This overview suggests that the CEDARScript edit format has had a significant positive impact on the task of method extraction, with improvements in nearly half of the tests and only a small percentage of tests worsening.

Improvements:

36 tests that previously failed now pass. This is a substantial improvement, indicating that CEDARScript is more effective in correctly extracting methods from classes across a wide range of codebases.
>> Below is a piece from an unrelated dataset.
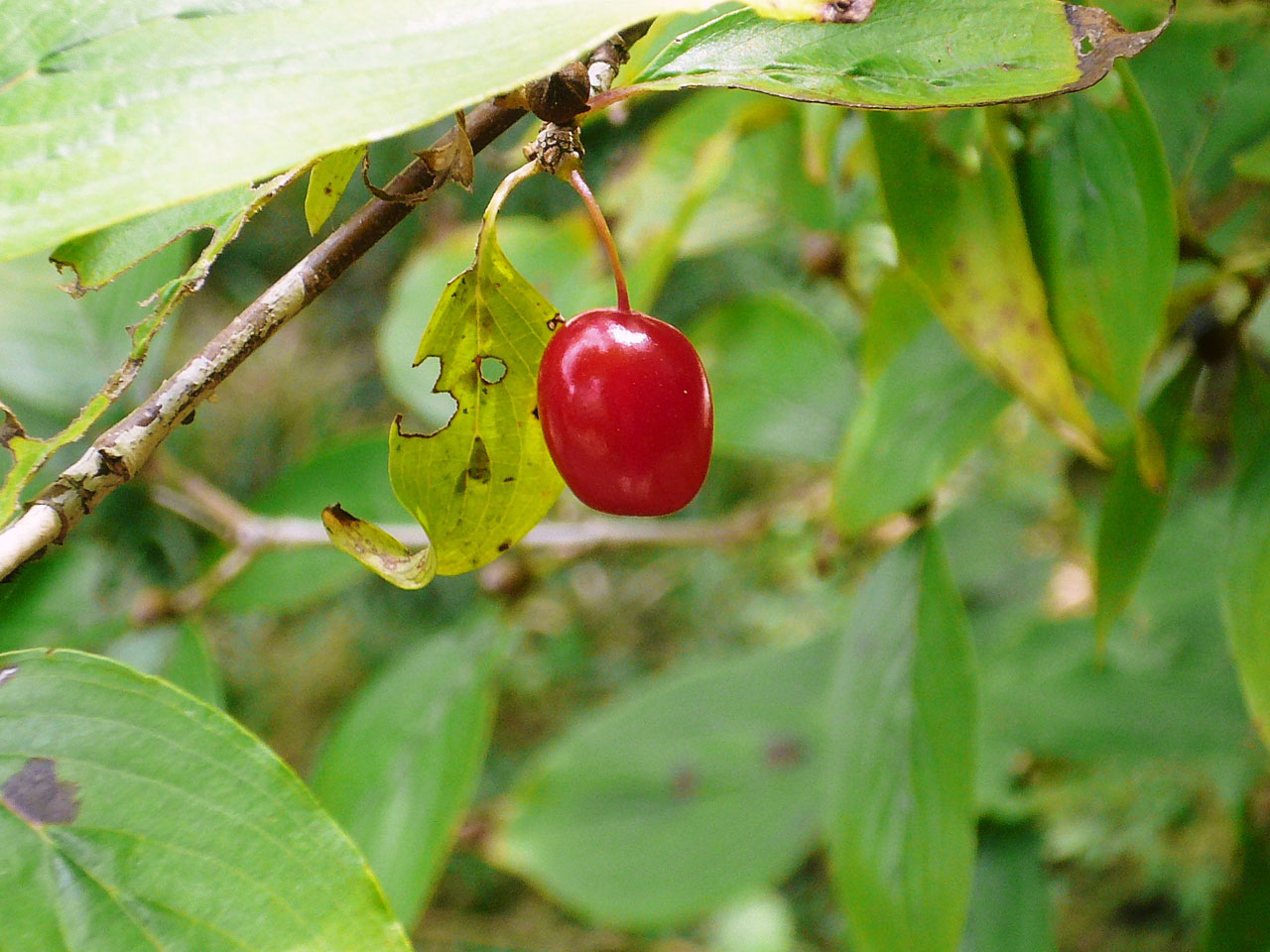 | 10月ころの完熟、少し前に偽果(ぎか)を採取して天日で乾燥するが、これが生薬で山査子という。 |
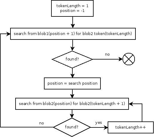 我不知道这是否是解决这个问题的最佳算法(我肯定,这不是),但是,我想这是一个很好的算法。这个想法很简单,从blob2在blob1中搜索最低令牌开始。当您找到匹配时,试着看看是否可以在此位置匹配较大的令牌。如果这是正确的,更新您的令牌长度。

Notable improvements include:

  • analyzer_cli_DebugAnalyzer__make_source_table: Suggests better handling of debug-related code refactoring.
  • autodetector_MigrationAutodetector__trim_to_apps: Indicates improved capability in refactoring Django migration-related code.
  • cuda_cpp_scheduling_CUDACPPScheduling__can_fuse_epilogue_impl: Shows better performance in handling complex CUDA-related code.
  • triton_TritonScheduling_define_kernel and triton_TritonScheduling_generate_node_schedule: Demonstrates improved capability in refactoring GPU computing-related code.

Minor Improvements:

3 tests showed minor improvements, such as checks_BaseModelAdminChecks__check_autocomplete_fields_item, suggesting slight enhancements in handling Django admin-related code.

Regressions:

7 tests that previously passed now fail. While concerning, it's a relatively small number compared to the improvements.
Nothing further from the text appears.